Proper characterisation of the source term is an important element of hazard assessment. However it can be an onerous task due to the complex nature of releases which occur on offshore installations, ie high pressure, multi-phase, multi-component releases with depressurisation occurring through complex networks of pipework and vessels with the added complication of blowdown and/or isolation.

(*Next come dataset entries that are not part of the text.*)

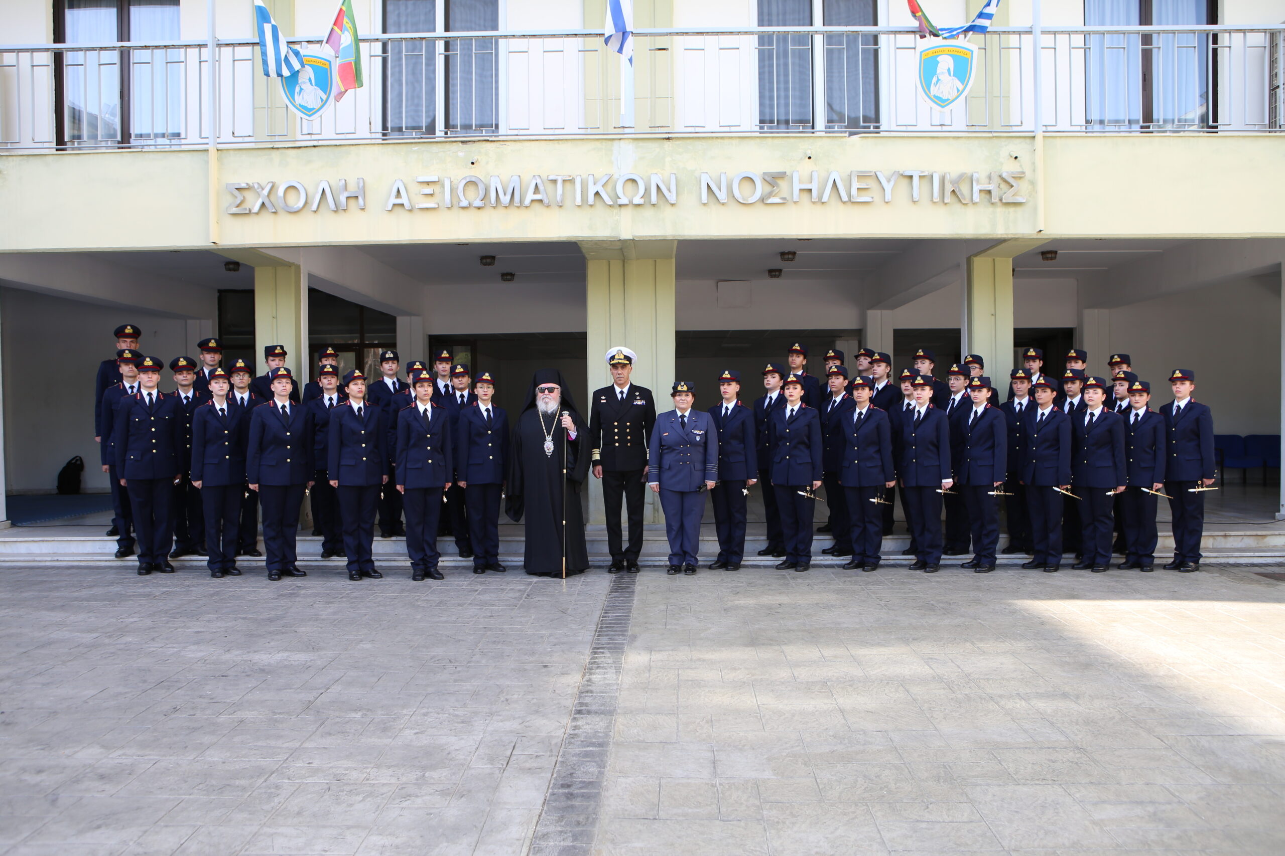 Η τελετή πραγματοποιήθηκε στις εγκαταστάσεις της Σχολής στον Βύρωνα Αττικής, χοροστατούντος του Σεβασμιώτατου Μητροπολίτη Καισαριανής, Βύρωνος και Υμηττού κ.κ. Δανιήλ, και παραβρέθηκαν σε αυτήν:
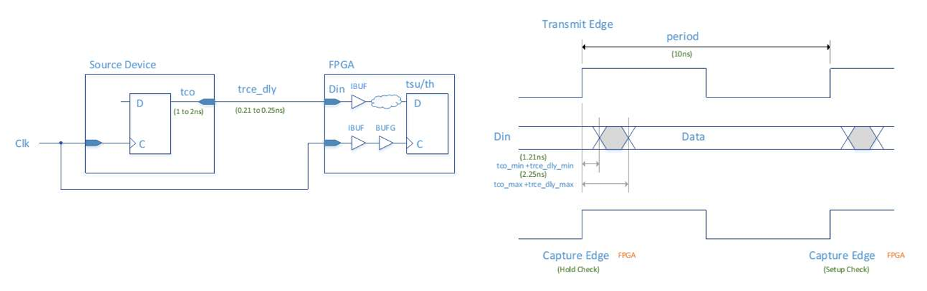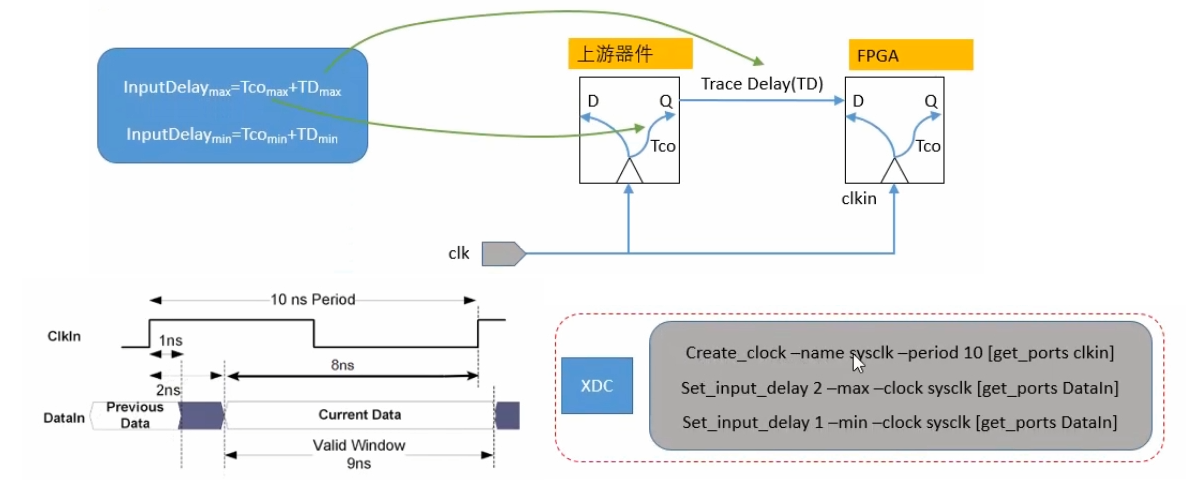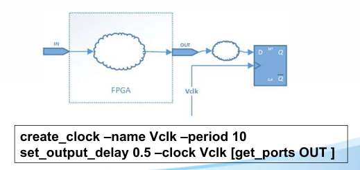 FPGA/ASIC 设计中的 IO 时序约束,核心是告诉综合 / 布局布线工具:外部芯片和 FPGA 之间的信号延迟有多少,工具要按这个来算建立 / 保持时间。
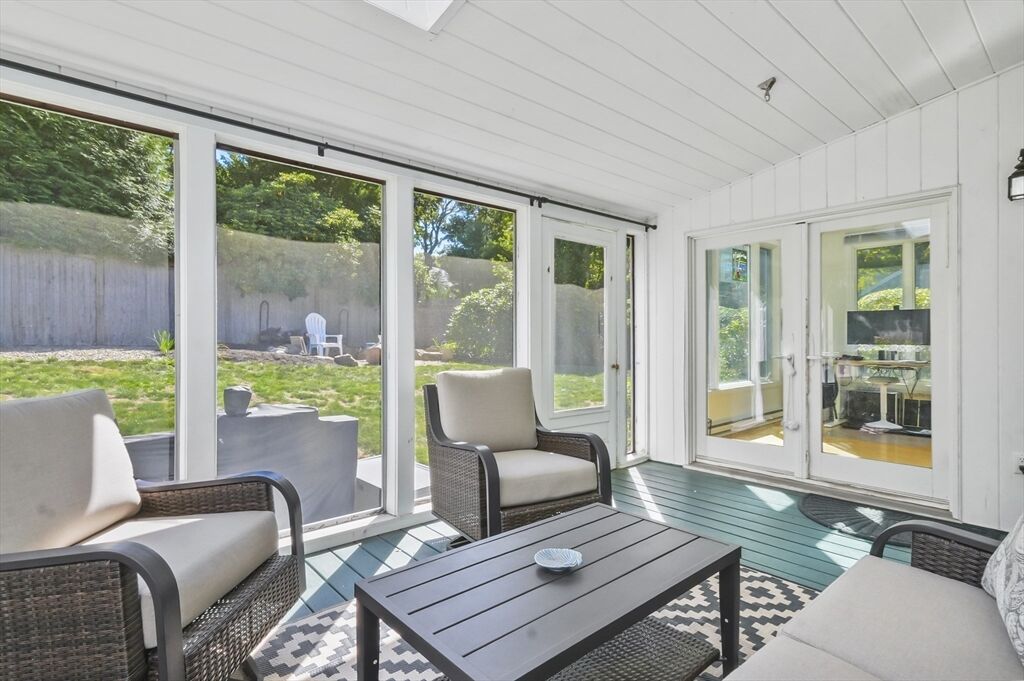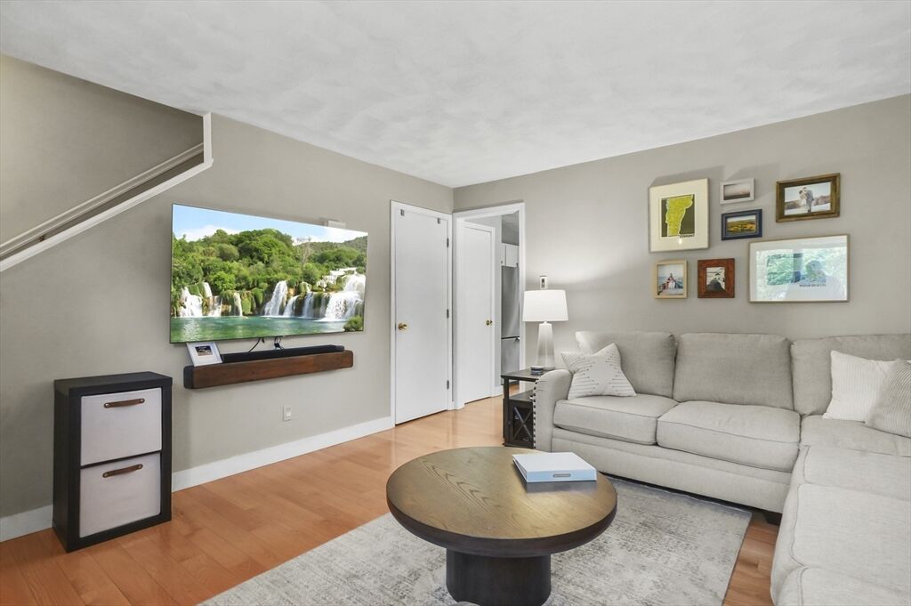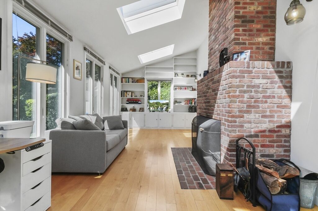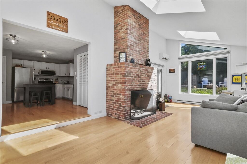Welcome to this beautifully maintained townhouse condex in the heart of Merrimac, where charm meets convenience. The large living room leads to an upgraded kitchen featuring modern cabinetry, tile back splash and granite countertops. Off the kitchen is the sun-drenched family room with oversized windows, cathedral ceilings, skylights, a striking fireplace, and custom built-ins that add storage, warmth and style. Upstairs are two sizeable bedrooms with plenty of closets and a full bath. Off the family room is a large, cozy screened porch perfect for morning coffee or long, summer evenings. The yard is lush with greenery, a firepit area and shed. In unit laundry and central air. Just minutes from Amesbury, the seacoast, and major highways, this home offers small-town tranquility with easy access to shopping, dining, parks, and trails. A rare blend of comfort, character, and location—this is a home you’ll fall in love with. Showing start at Sat. OH and accompanied appts and OH thereafter.
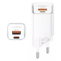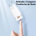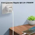 Carregador de parede USB 30W com duas portas: USB-C PD e USB-A QC4.0, para recarga rápida de smartphones, tablets e acessórios. Compacto, bivolt 100–240V, ideal para casa, escritório ou viagens. Proteções contra sobretensão e sobrecorrente asseguram segurança para seus dispositivos. Design moderno em branco que combina com qualquer tomada.
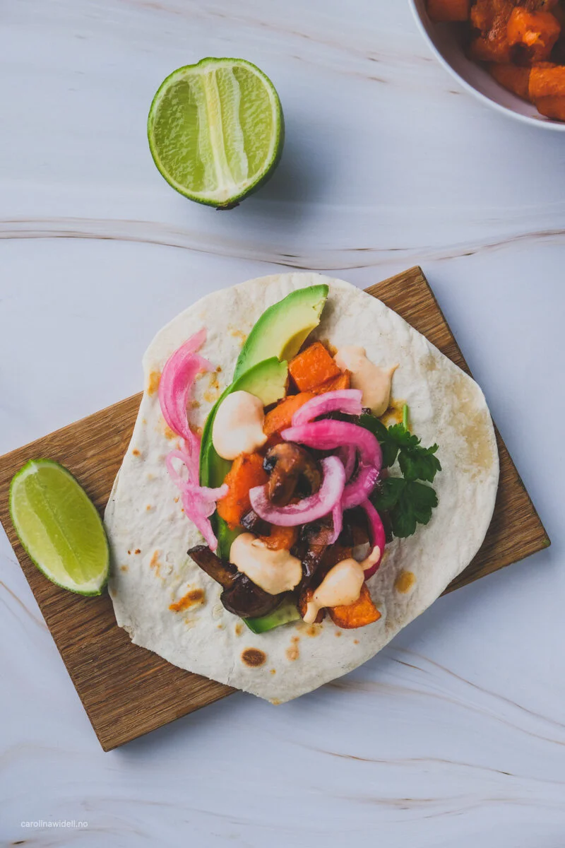 Jeg prøvde meg å lage hjemmelagde tortillabrød den her gangen, men det vil jeg ikke anbefale fordi så gode ble de ikke. Det tok også ganske lang tid. Tid hadde jeg for så vidt når søtpotetene var i ovnen, men uansett kunne jeg sikkert gjort noe annet.
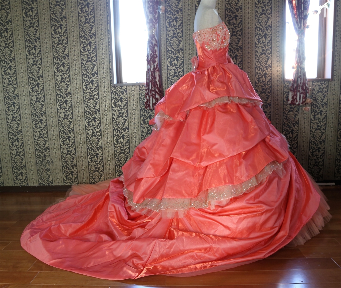 生地はサーモンオレンジのサテンをメインに、一部チュール生地、ゴールドのラメ、レースなど
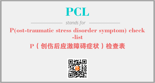 上述内容是“P(ost-traumatic stress disorder symptom) check-list”作为“PCL”的缩写,解释为“P(创伤后应激障碍症状)检查表”时的信息,以及英文缩略词PCL所代表的英文单词,其对应的中文拼音、详细解释以及在英文中的流行度和相关分类、应用领域及应用示例等。
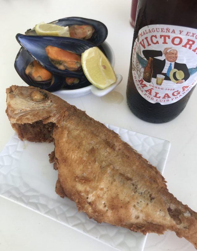 「ムール貝、揚げ魚、アサリのニンニク炒め」
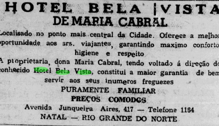 No ano de 1947, o hotel passou a administração da Maria Cabral, onde mostrou que a hospedagem era “de família”.
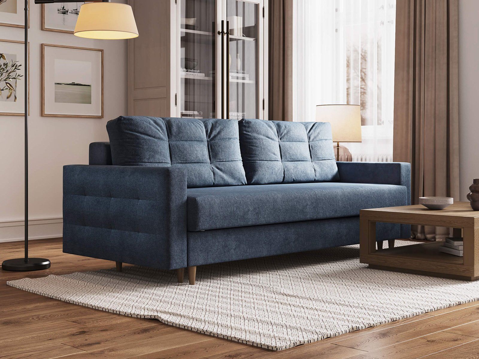 Современный диван Scandy с механизмом трансформации «Пантограф». В основе дивана полноценный ортопедический матрас на независимом пружинном блоке, усиленном слоем натуральной латексированной кокосовой коры. Комфортная глубина и высота сиденья обеспечит ежедневный комфорт. Задняя спинка защищает от прикосновения со стеной во сне, а стену – от возможных повреждений и загрязнений. В основе мягких подушек – микс наполнителей: поролоновая крошка защищает от деформации, а синтетическое волокно добавляет мягкость и упругость – для бережной поддержки спины. Подушки убираются во вместительный бельевой ящик с вентиляционным отверстием в разложенном состоянии дивана. Высокие элегантные опоры из массива (цвет на выбор - бук или венге) упростят уборку и позволяют работать современным роботам-пылесосам.
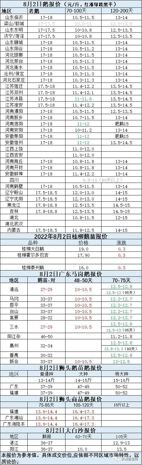 2022年8月02日鹅种蛋价格(元/枚)部分停报
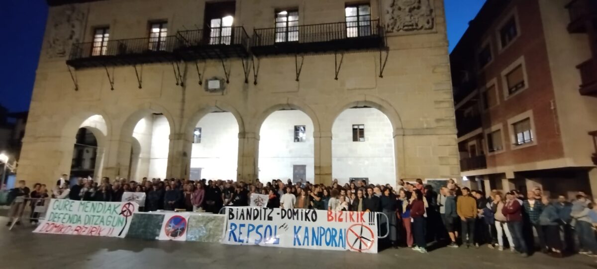 Gaurkoan Oiartzungo Doneztebe plazan egin dute agerraldia Domiko proiektua salatzeko. Inguruko mendi tontor eta muinoetan 200 metroko altuerako aerosorgailuak eraikitzeaz gain, Oarsoaldea eta inguruko herrietan 30 kilometro baino gehiagoko goi tentsio linea elektriko zein pista berriak eraiki nahi dituzte, eta berau salatzeko elkartu dira.
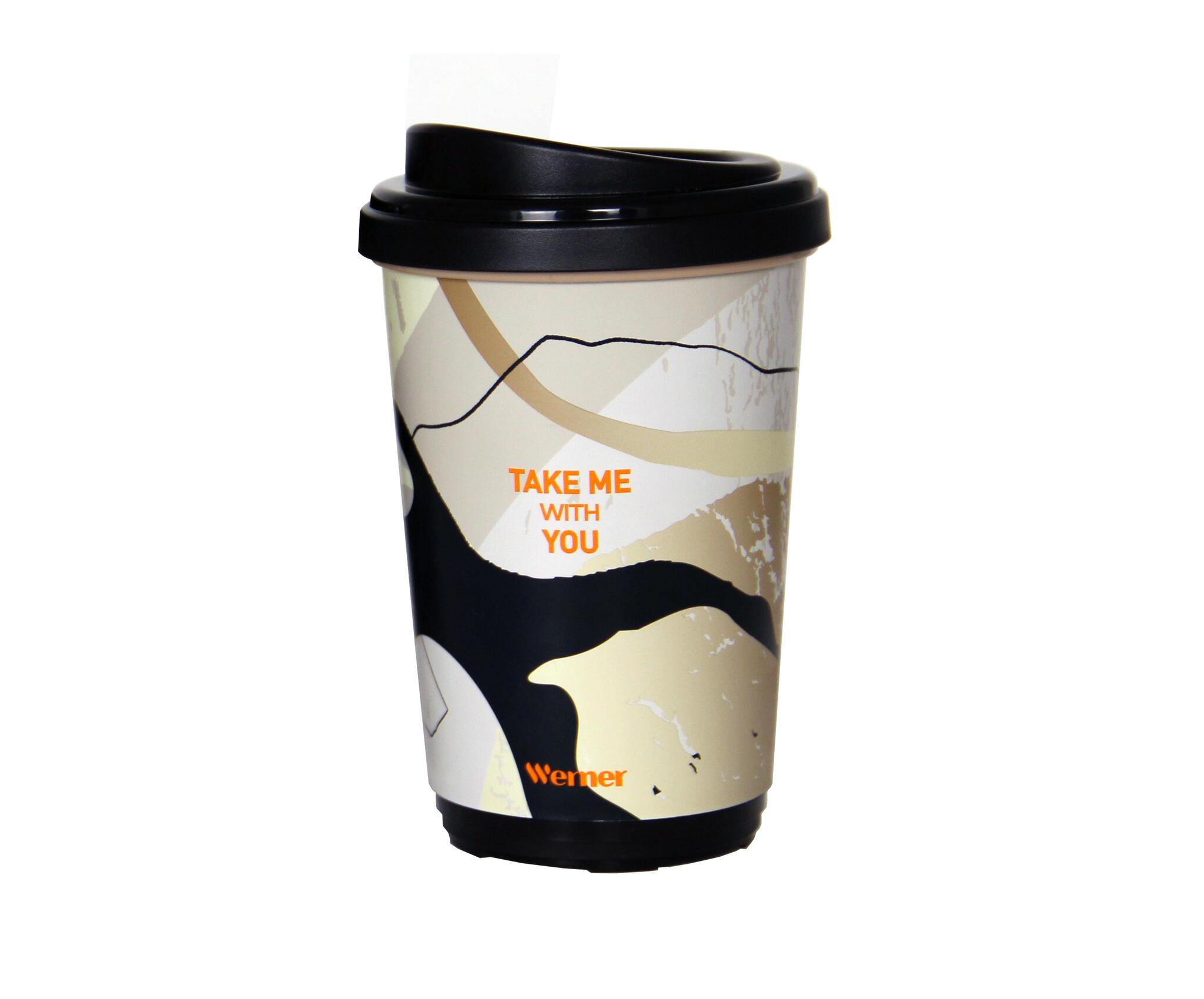 Термостакан с двойными стенками и крышкой Werner 51484. Объем стакана 400 мл. Двуслойный термостакан - идеальное решение для энергичной жизни в большом городе. Воздушная прослойка между стенками сохраняет тепло напитка до двух часов: стакан удобно взять с собой на прогулку, в поездку на автомобиле или на работу. Термостакан изготавливается из безопасного полипропилена, и не содержит бисфенол А, фталаты, меламин и другие вредные вещества (в отличие от одноразовых стаканов).
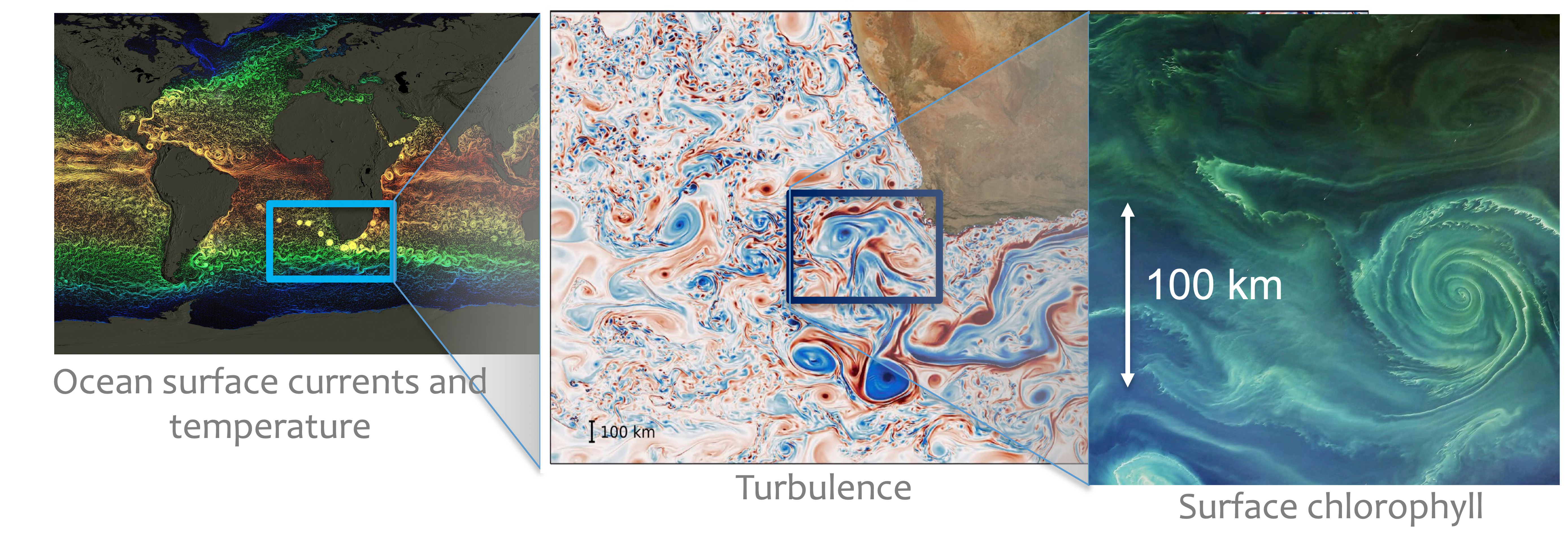 Graphic: Zooming into the study region: Left: The global ocean mesoscale (10-100 kilometres) dynamics captured by a global model, Credit: MIT/JPL and NASA/Goddard Space Flight Center Scientific Visualization Studio. Centre: Actual modelling capabilities that simulate finer scales (submeso scale: 1-10 kilometres), Credit: Franziska Schwarzkopf, Arne Biastoch, GEOMAR. Right: Scales as observed from satellite shaping the surface phytoplankton distribution, Credit: NASA.
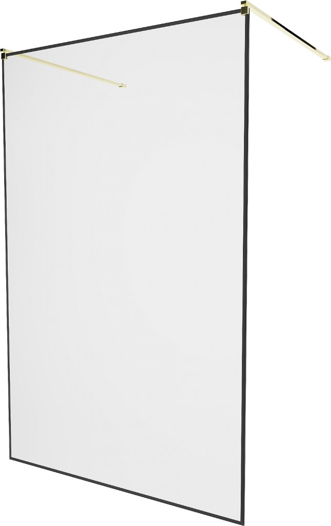 Walk-in sprchová zástena KIOTO 100 x 200 cm, 8 mm - číre sklo s čiernym vzorom, zlaté vzpery
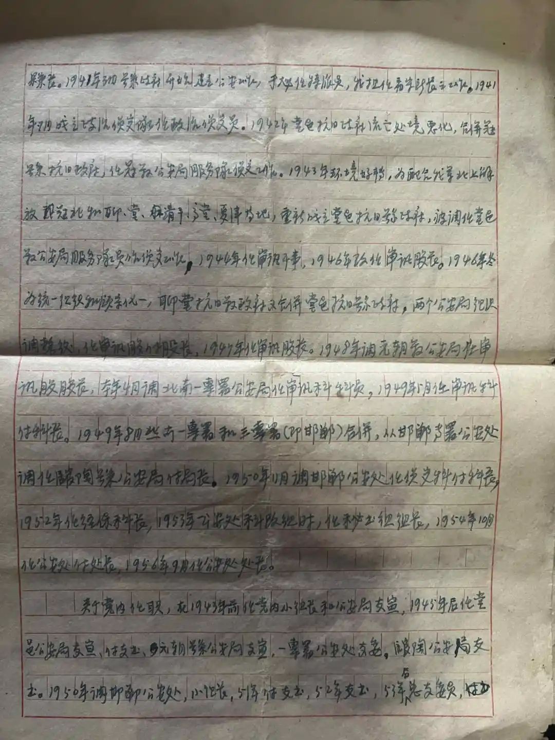 除此之外,赵主任还将其父亲的照片、简历,以及一份亲笔书写于1958年的自传,提供给了邯郸警察博物馆。

Hydrocarbon release statistics (OTO 99 079 and Pratt, 2001) show that gas leaks are the most common type of release (56% of all releases) with oil releases (16%) and non-process releases (11%) also significant. Pipework is the most significant leak source (61% of all leaks).

Current position

Discharge from vessels, pipelines and equipment

The prediction of single and two-phase release rates was reviewed in Phase I of the Joint Industry Project (JIP) on Blast and Fire Engineering for Topsides Structures (BFETS), work package G1(c). This study concluded that, whilst the idealised cases of single phase and single component, two-phase releases had been studied in detail, there was little information on the behaviour of the type of hydrocarbon mixtures likely to be found on offshore structures. The report (OTI 92 587 [PDF 2mb]) suggested that a modest experimental programme of releases involving representative hydrocarbon mixtures would be beneficial in understanding the flow regime for such releases and establishing a dataset upon which to further develop existing modelling techniques. The experimental programme was not been undertaken in subsequent phases of the JIP, therefore this uncertainty remains. Catastrophic releases (eg due to rupture of a vessel) are also a significant area of uncertainty, although are not a primary concern for offshore installations.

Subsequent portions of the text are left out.